For the study of critical steps in animal development researchers are increasingly turning to the cnidarians, a phylum that includes jellyfish and corals, as they retain relatively simple body plans and yet are more clearly multi-cellular organisms than the somewhat colonial sponges. This week we have published four protocols concerning the cnidarian Nematostella vectensis, more commonly known as the starlet sea anemone, to act as a very basic ‘starter kit’ for anyone wishing to work with this organism.

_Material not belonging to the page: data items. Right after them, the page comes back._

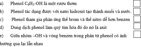 d) Phenol có tính axit yếu nhưng dung dịch phenol trong nước không làm đổi màu quỳ tím.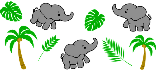 Adorable cartoon elephants playfully interacting amidst tropical greenery, including palm trees and vibrant leaves, perfect for a cheerful jungle theme.UV Transfersdtf regular iron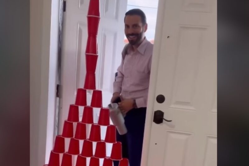 Во видеото што ќе го видите во продолжение двете деца наредиле пластични чаши пред влезната врата од домот, за кога ќе се врати од работа нивниот татко, да ја отвори вратата и да ги сруши чашите. Сепак, таткото се враќа порано од работа и ја гледа „замката“ која му ја поставиле децата, а истовремено го пречекува и неговата сопруга. Заедно се договараат дека таткото ќе се однесува како да не знае и нема да им го расипе ќефот на дечињата.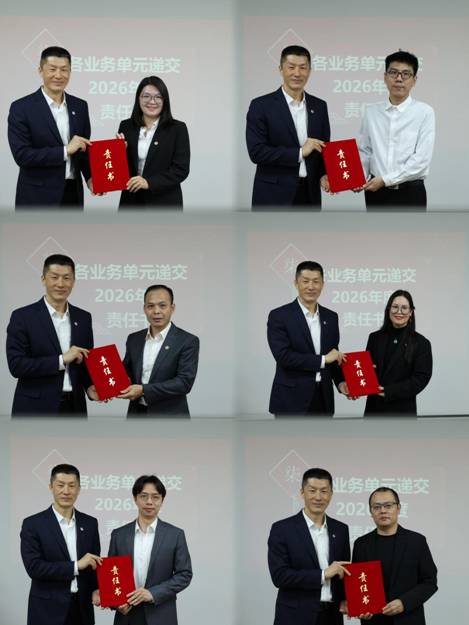 各業(yè)務(wù)單元、部門向公司領(lǐng)導(dǎo)遞交2026年度各項(xiàng)目標(biāo)管理責(zé)任書。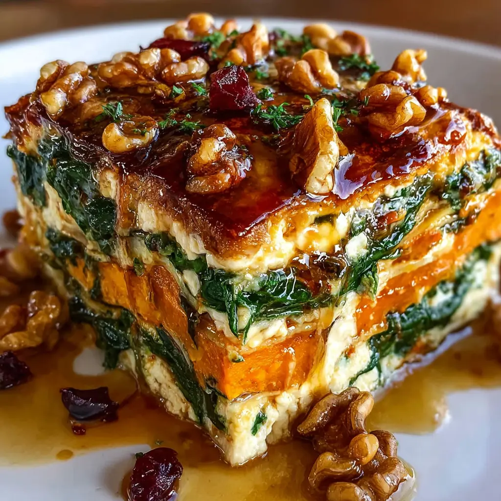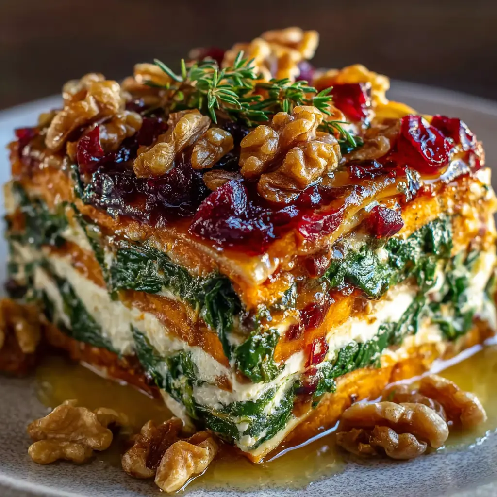 Layered Sweet Potato, Spinach & Ricotta Lasagna: Indulge with Walnuts & Cranberry Honey Sauce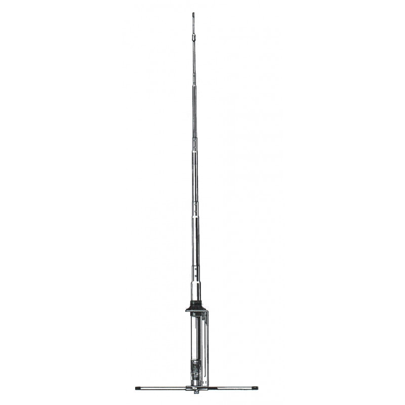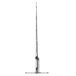 CB 27 MHz Base Antenna Ground Plane 5/8 type. Ground plane with three radials. Low radiation angle, special DX. Frequency range between 26.4 and 29 MHz. Bandwidth 1600 KHz, for a SWR> 2 (SWR @ res. freq < 1.3) Maximum recommended power 250W continuous AM-FM. 750W SSB. Coil with transparent cover. Withstands winds up to 130 km / h. Approximate weight 2.5 Kg. Made of 6063 T-832 aluminum. Compatible with masts from Ø 35 to 42 mm. Female PL connector (SO239). Gain 3.35 dBi. Radial length: 1.32 m. Total length: 5.95 m. Electrically shorted. Easy to assemble and adjust. Economical packaging, plastic bag.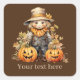 Caída de la estacional espantapájaros añadir texto calabaza Pegatina cuadrado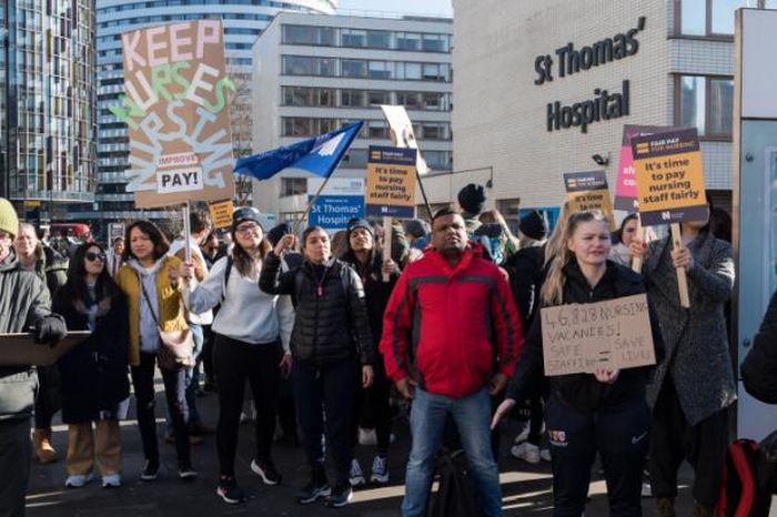 Các y tá và người ủng hộ họ tuần hành bên ngoài Bệnh viện St Thomas, London, Anh, hôm 6/2. Ảnh: AFP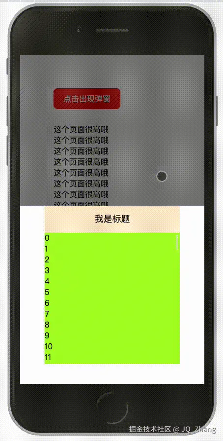 - 当你在弹窗上滑动手指时,底下的背景页面竟然跟着一起滚动了!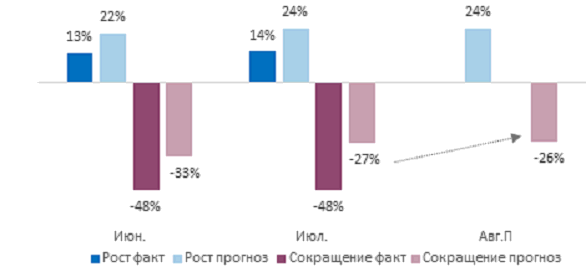 Ожидания на ближайшие три месяца также сохранили динамику. Роста выручки в будущем ждет 24% опрошенных, как и месяцем ранее, а 26% респондентов заявили, что готовятся к снижению выручки, что также сопоставимо с показателями июня.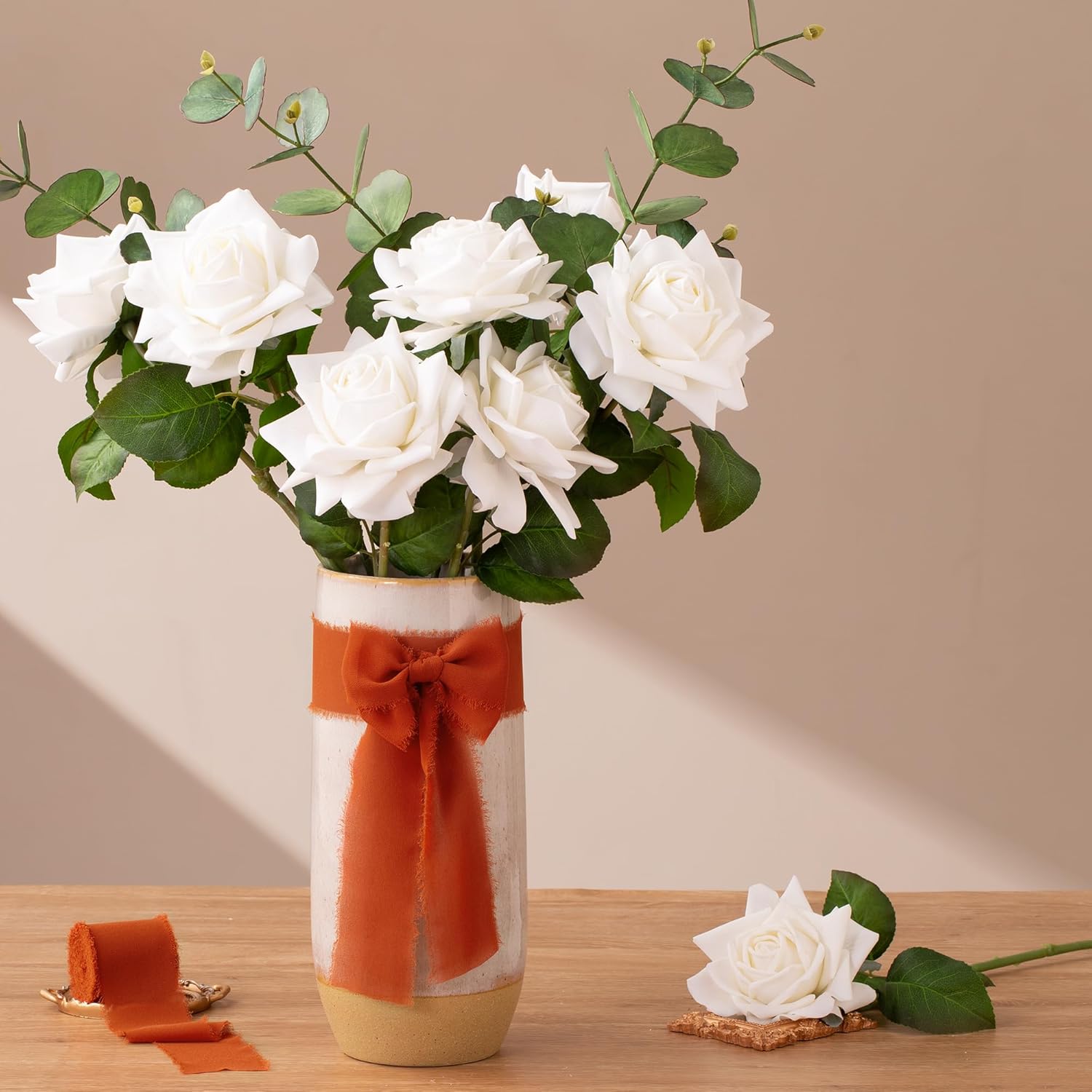 - 【Size and Color】Each roll of chiffon ribbon is 2 inches wide and 7 yards long, perfect for various creative uses such as making bows, decorating wreaths, and DIY crafts. This set includes burnt orange, nude pink, and cream white ribbons, one roll each. These vibrant frayed ribbons add a rustic charm to your creations, ideal for bouquet wrap or gift ribbon.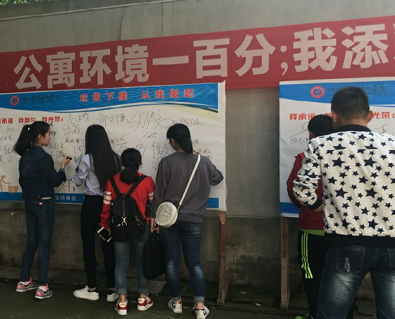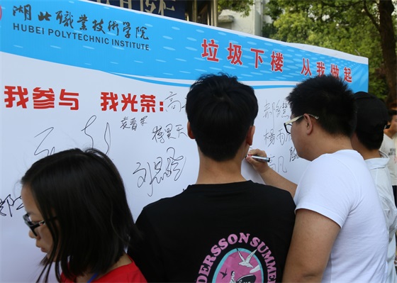 活动现场,同学们积极响应、踊跃参与,学生宿舍管理委员会成员热情地介绍本次活动的内容及意义,同学们开心地在倡议书旁的宣传栏“我承诺、我参与、我光荣”下郑重的签名,并大声宣读“垃圾下楼,从我做起”“我为文明代言”等口号。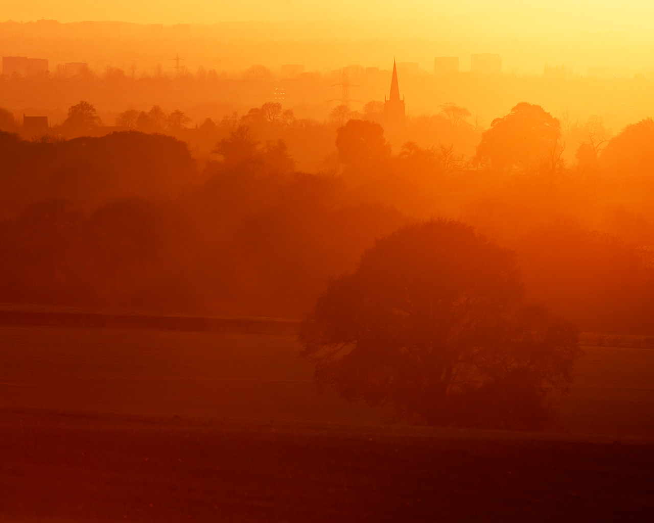 Description: A view of a city with a sunset in the background and a horse grazing in the foreground with a distant city in the distance.
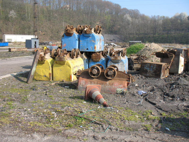 Une heure après, malgré les palabres, nous voilà sur le carreau. On visite rapidement les magasins. Tu veux des essieux moteur ? Un cabestan ? Une palette de flexible hydro ? Je m’en tire finalement avec deux berlines, un chariot sur voie ferrée, quelques élingues et un palan marqué « atelier n°3 jour ».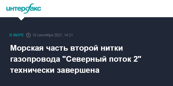 Москва. 10 сентября. INTERFAX.RU - Секции второй нитки "Северного потока 2", идущие от берега Германии и из вод Дании, в пятницу были соединены между собой при помощи надводного захлёста, сообщил оператор проекта - компания Nord Stream 2 AG.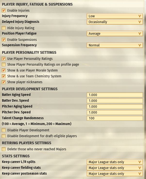 I'm doing a fictional historical run from 1901 to present. Does the injury rating change as I move through the various eras or so I set it to modern now and leave it alone for the entire sim? I have import historical everything on except for rookies if that matters.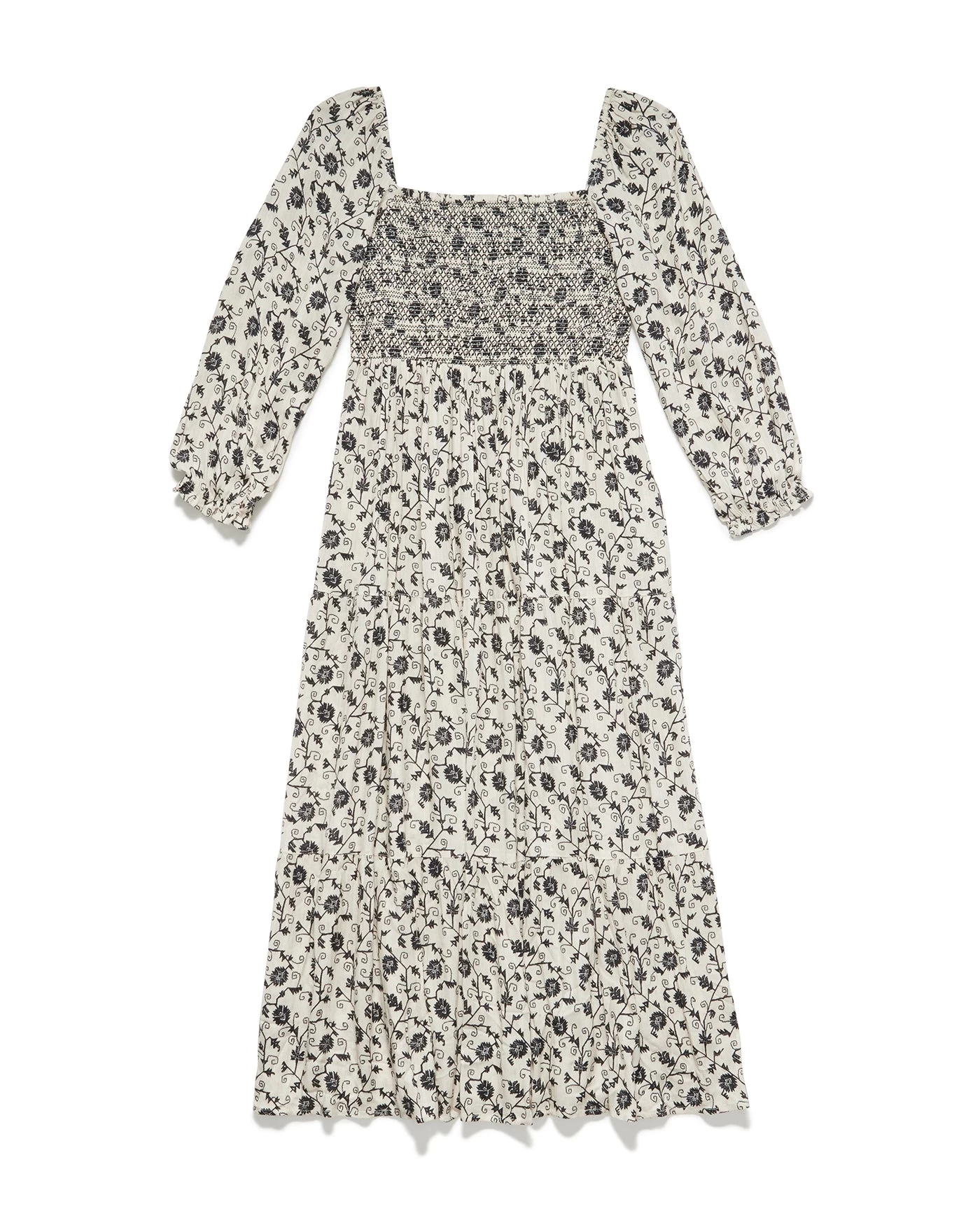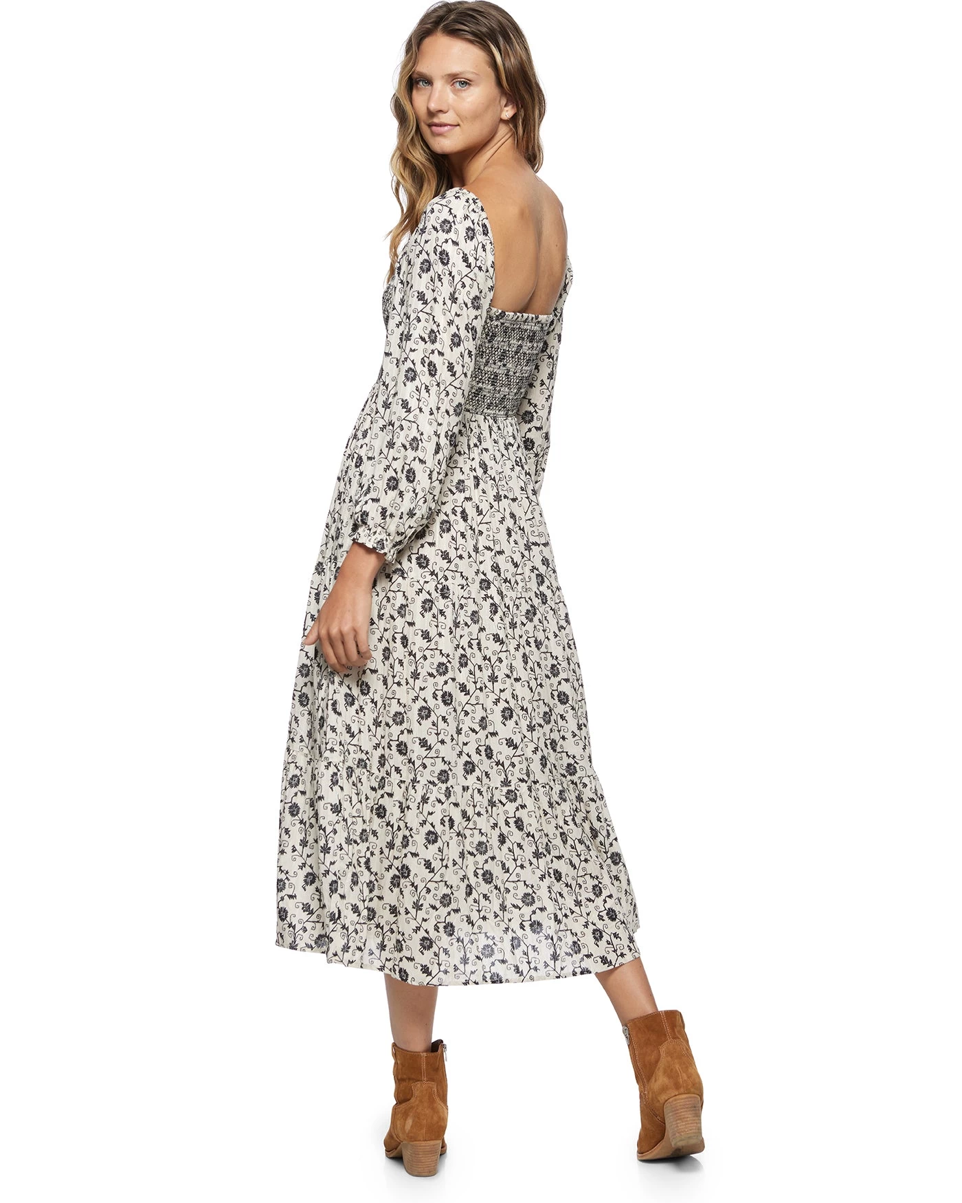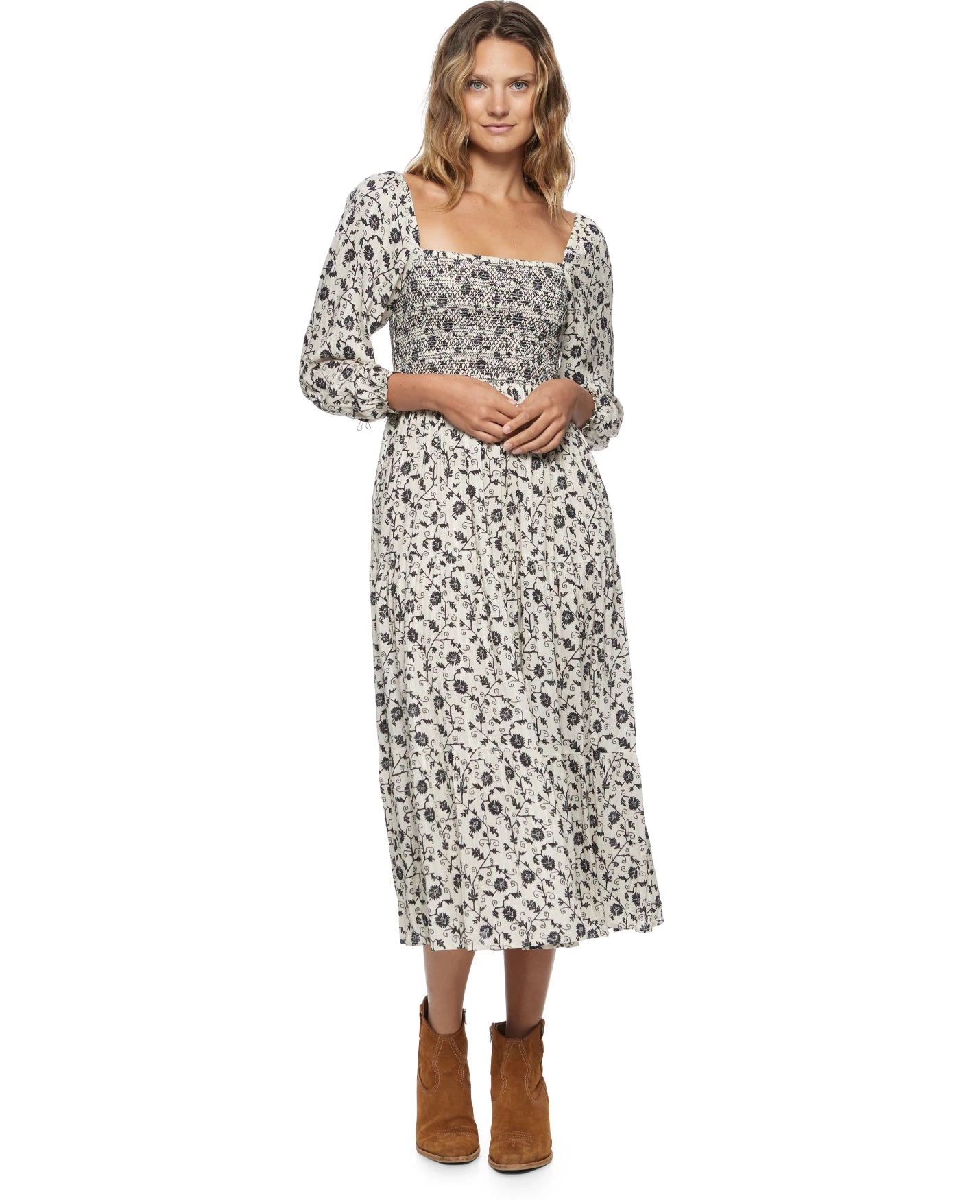 You’ll bring an unforgettable presence everywhere you go wearing our Nora Floral Print Smocked Midi Dress. Lightweight woven fabric, decorated with vintage-inspired florals, shapes this fabulous fall dress that starts with short puff sleeves that frame a square neckline and a smocked bodice. The high-fitted waist falls down to a tiered, figure-skimming silhouette before ending at a midi hem. Functional on-seam pockets.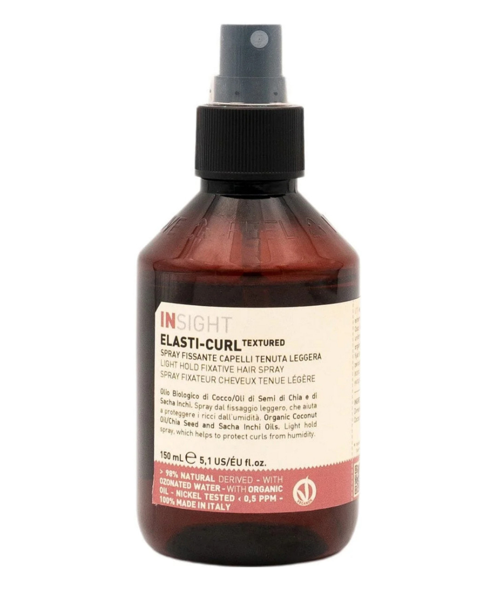 INSIGHT LIGHT HOLD FIXATIVE HAIR SPRAY разработан для тех, кто предпочитает естественный внешний вид укладки без жесткости и выраженного каркасного эффекта. Формула обеспечивает равномерное распределение, создаёт лёгкую степень фиксации и помогает сохранять форму причёски в условиях повышенной влажности. Спрей одновременно стабилизирует укладку и поддерживает оптимальный уровень увлажнения волос за счёт комбинации натуральных масел — кокосового, чиа и сача инчи. Такой подход позволяет укреплять поверхностный липидный слой, снижать электризацию и поддерживать гладкость волоса, не утяжеляя его.Средство подходит для ежедневного применения и эффективно работает как на прямых волосах, так и на волнистых и слегка текстурированных.

Nematostella is a native of the east coast of the United States. It spends its time buried in mud feeding through its mouth, which is surrounded by two rings of tentacles. Slightly paradoxically they are classed as ‘vulnerable’ by the International Union for Conservation of Nature, but are also behaving as invasive aliens on the south coast of England and the west coast of the United States. But they grow fast and prolifically in the lab and have a sequenced genome¹.

The four protocols take us through some essential steps in working with Nematostella. John Finnerty and colleagues describe their approach to collection rearing, spawning and regeneration (doi:10.1038/nprot.2013.044)², Isolation of DNA, RNA and proteins (doi:10.1038/nprot.2012.151)³, and characterization of RNA and protein expression (doi:10.1038/nprot.2013.014)⁴. To complete the quartet, Mark Martindale explains how his lab approaches overexpression and knockdown studies in this versatile beastie (doi:10.1038/nprot.2013.009)⁵.

We are hoping that this collection of protocols will provide a useful resource for aspiring cnidarian biologists. We would also be keen to see anyone with experience of working with Nematostella presenting their own protocols in the Protocol Exchange. The cluster also raises the following question:

Are there other emerging model organisms that are crying out for similar attention?

References:

1. Putnam NH, Srivastava M, Hellsten U, Dirks B, Chapman J et al. Sea anemone genome reveals ancestral eumetazoan gene repertoire and genomic organization”. Science 317, 86–94 (2007).

2. Stefanik, D. J., Lauren E Friedman, L. E. & Finnerty, J. R. Collecting, rearing, spawning and inducing regeneration of the starlet sea anemone, Nematostella vectensis. Nature Protocols 8, 916-923 (2013).

3. Stefanik, D. J., Wolenski, F. S., Friedman, L. E., Gilmore T. D. & Finnerty,  J. R. Isolation of DNA, RNA and protein from the starlet sea anemone Nematostella vectensis. Nature Protocols 8, 892–899 (2013).

4. Wolenski, F.S., Layden, M. J., Martindale, M. Q., Gilmore, T. D. & Finnerty, J. R. Characterizing the spatiotemporal expression of RNAs and proteins in the starlet sea anemone, Nematostella vectensis. Nature Protocols 8, 900-915 (2013).

5. Layden, M. J., Röttinger, E., Wolenski, F. S., Gilmore, T. D. & Martindale, M. Q. Microinjection of mRNA or morpholinos for reverse genetic analysis in the starlet sea anemone, Nematostella vectensis. Nature Protocols 8, 924-934 (2013).